# Cyclic squaring

Find a complex number $$a$$, which satisfies the following conditions:

1. If you square $$a$$, you get a different complex number $$b$$.
2. If you square $$b$$, you get a complex number $$c$$, which is different from $$a$$ and $$b$$.
3. If you square $$c$$, you get $$a$$.
It turns out that there is more than one solution for $$a$$. What is the sum of all possible solutions?
There is a "puzzling"-like solution, which doesn't require a computer.
• This was asked as a Riddler question on 538. Jun 23 at 16:49
• @ParclyTaxel You're right – I wasn't aware of this question. But this question goes one step further by asking for the sum of the solutions, which gives a smoother solution than $a$ itself. Jun 23 at 16:58

For the source of this problem see the comment on the question. Anyway

we have $$a=c^2=b^4=a^8$$, so (since $$a=0$$ and $$a=1$$ can be quickly ruled out) $$a^7=1$$, i.e. $$a$$ is a non-trivial seventh root of unity. There are six possible solutions for $$a$$$$e^{2ik\pi/7}$$ for $$1\le k\le6$$ – and their sum is $$-1$$ as can be seen by noting that all seven roots form a regular heptagon in the complex plane (and must therefore sum to $$0$$), one of which is $$1$$.
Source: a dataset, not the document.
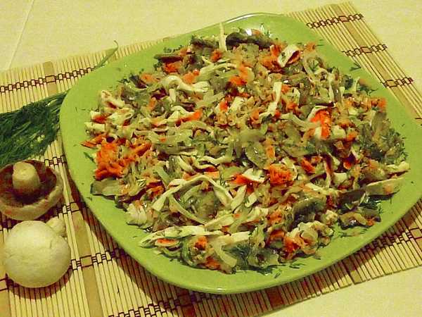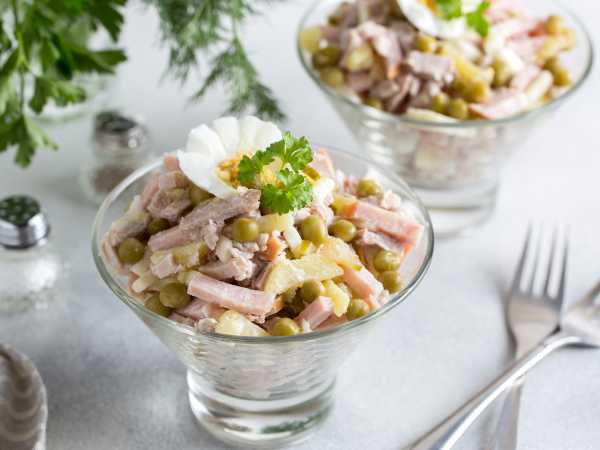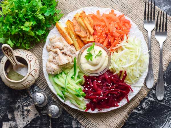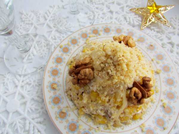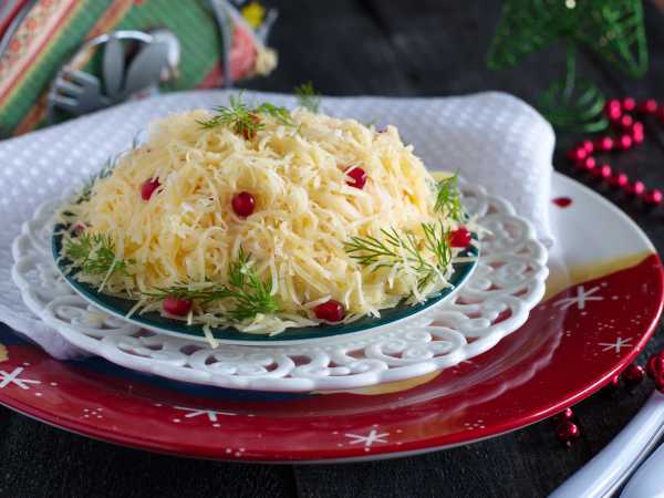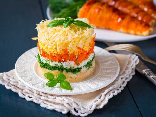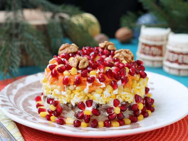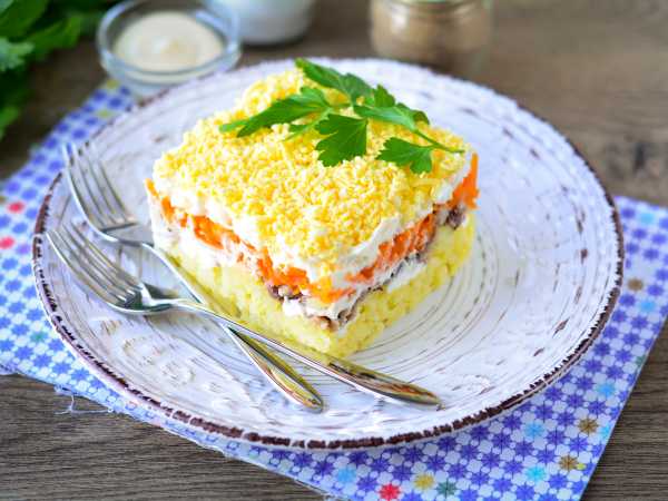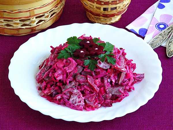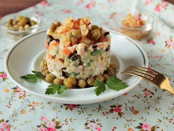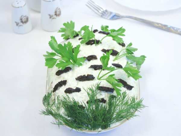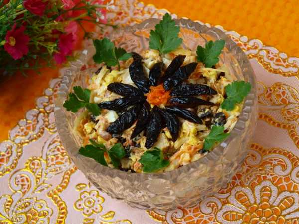 Выложить салат в салатник. Украсить черносливом и листочками петрушки.

• A simple way to reach the final solution without plotting is to realise that the roots form a regular heptagon centred on the origin. Jun 23 at 16:56
• @hexomino I know this in my head, as Maths Stack extraordinaire. Jun 23 at 16:59
• You can alternatively use their polynomial that they are roots of (so bypassing roots of unity idea) combined with Vieta's relations to find their sum. Jun 24 at 0:14
• @TheBestMagician Vieta is overkill here as we know the solutions are x,x^2,x^3,...,x^6 and the cyclotomic poly is 1+x+x^2+x^3+...+x^6 from which the desired sum can be read oiff directly. Jun 24 at 5:44

For anyone who's ever heard of roots of unity or cyclotomic polynomials this is very simple, so let's assume we haven't.

We will only use one not completely elementary tool and that is the fact that an n-th degree polynomial has n complex roots (counting multiplicities).

Substituting a for c for b in the given system of equations yields an order 8 polynomial in a, therefore there are 8 solutions (the exact number is not important; all we will use is the fact that there are more than zero and fewer than infinity solutions other than zero and one). Exactly two of those are ruled out because of a=b, viz. a=1 and a=0. We can therefore determine the sum of all nonzero solutions and then subtract 1.

Observe that if a and a' are solutions other than zero then so are 1/a and aa'. From this it follows that if we take one solution a and form the products aa1,aa2,... for all nonzero solutions ai then each solution is replaced with a different solution but the set as a whole is unchanged. It follows that the sum S must satisfy aS=S for all solutions a which is only possible if S=0; subtracting 1 we get the final answer -1.